EDs have a significant impact on the female reproductive function. BPA and Phthalates are ovarian toxicants, with the ability to disrupt normal ovarian functioning and cause Premature Ovarian Failure (POF) through impaired oocyte maturation and lack of ovulation (anovulation). EDs alter ovarian steroidogenesis resulting in inadequate levels of necessary progesterone and estradiol to support the pregnancy. Women exposed to higher levels of BPA & Phthalates are at an increased risk of miscarriages. Women undergoing in vitro fertilization (IVF) risk low or failed fertilization, reduced or poor-quality oocytes and embryos, and implantation failure.
The reproductive system is regulated by the hypothalamic-pituitary-gonadal (HPG) Axis, to promote ovulation, follicular maturation and the synthesis of ovarian estrogens. EDs can disrupt this axis resulting in hormonal imbalances of estrogen and progesterone. These may affect the menstrual cycle, ovulation, and pregnancy.

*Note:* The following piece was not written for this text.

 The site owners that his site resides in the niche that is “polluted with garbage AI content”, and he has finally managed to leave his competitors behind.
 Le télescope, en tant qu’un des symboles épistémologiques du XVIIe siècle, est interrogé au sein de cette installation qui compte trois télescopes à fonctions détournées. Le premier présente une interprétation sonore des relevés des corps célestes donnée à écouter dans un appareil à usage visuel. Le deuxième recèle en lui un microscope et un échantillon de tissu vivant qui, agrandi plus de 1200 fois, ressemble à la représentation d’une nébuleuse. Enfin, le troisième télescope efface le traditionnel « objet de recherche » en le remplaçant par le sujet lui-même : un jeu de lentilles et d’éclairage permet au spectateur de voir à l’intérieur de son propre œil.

Reproductive developmental periods, especially prenatal and early postnatal life and puberty, are vulnerable periods for high sensitivity to EDs exposures. The effects of EDs are transgenerational i.e. it can go through several generations.
A number of human studies provide evidence for BPA and Phthalate induced female infertility. The Environment and Reproductive Health (EARTH) Study, The Longitudinal Investigation of Fertility and the Environment (LIFE) Study, and, The Study of Metals and Assisted Reproductive Technologies (SMART) Study are some such studies. However, it is often difficult to replicate results in an epidemiological study as a number of factors come into play, including, the fact that humans are exposed to numerous EDs, sometimes making it difficult to identify specific effects of an ED. The impact of any ED on sexual development and reproduction potency depends on the time of exposure (e.g., in utero, newborn babies, adolescents, adults, menopausal women).

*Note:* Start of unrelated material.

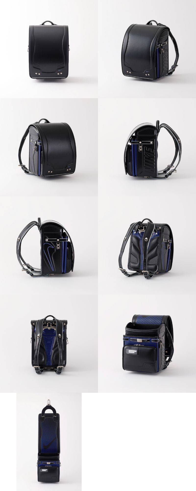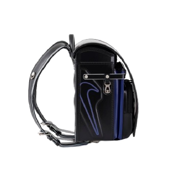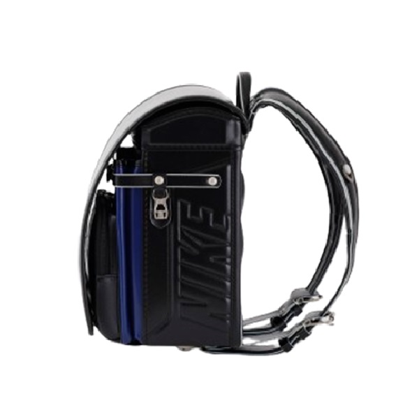 人気のスポーツブランドNIKEのランドセルです。スポーティーなデザインで至る所にブランドロゴがあります。形状はキューブタイプ、調節可能なミラクルロック付。オオマチには暗がりで光る反射材使用のロゴマークです。

It is only over the last few years that scientists have understood the negative impact of EDs on the female reproductive system. It will be the combined effort of scientists, and Governments to limit the use of EDs so that our future generations are not affected. We should use the Precautionary Principle – an evolution of the ancient medical principle of “first do no harm” – to ban or restrict BPA usage to reduce exposure and resulting long – last adverse health effects.
Dr. Firuza R.Parikh is the Director, Department of Assisted Reproduction & Genetics, Jaslok Hospital & Research Centre, Mumbai, India, and Ms. Maherra Khambaty works at the Department of Medical Research, Jaslok Hospital & Research Centre, Mumbai, India.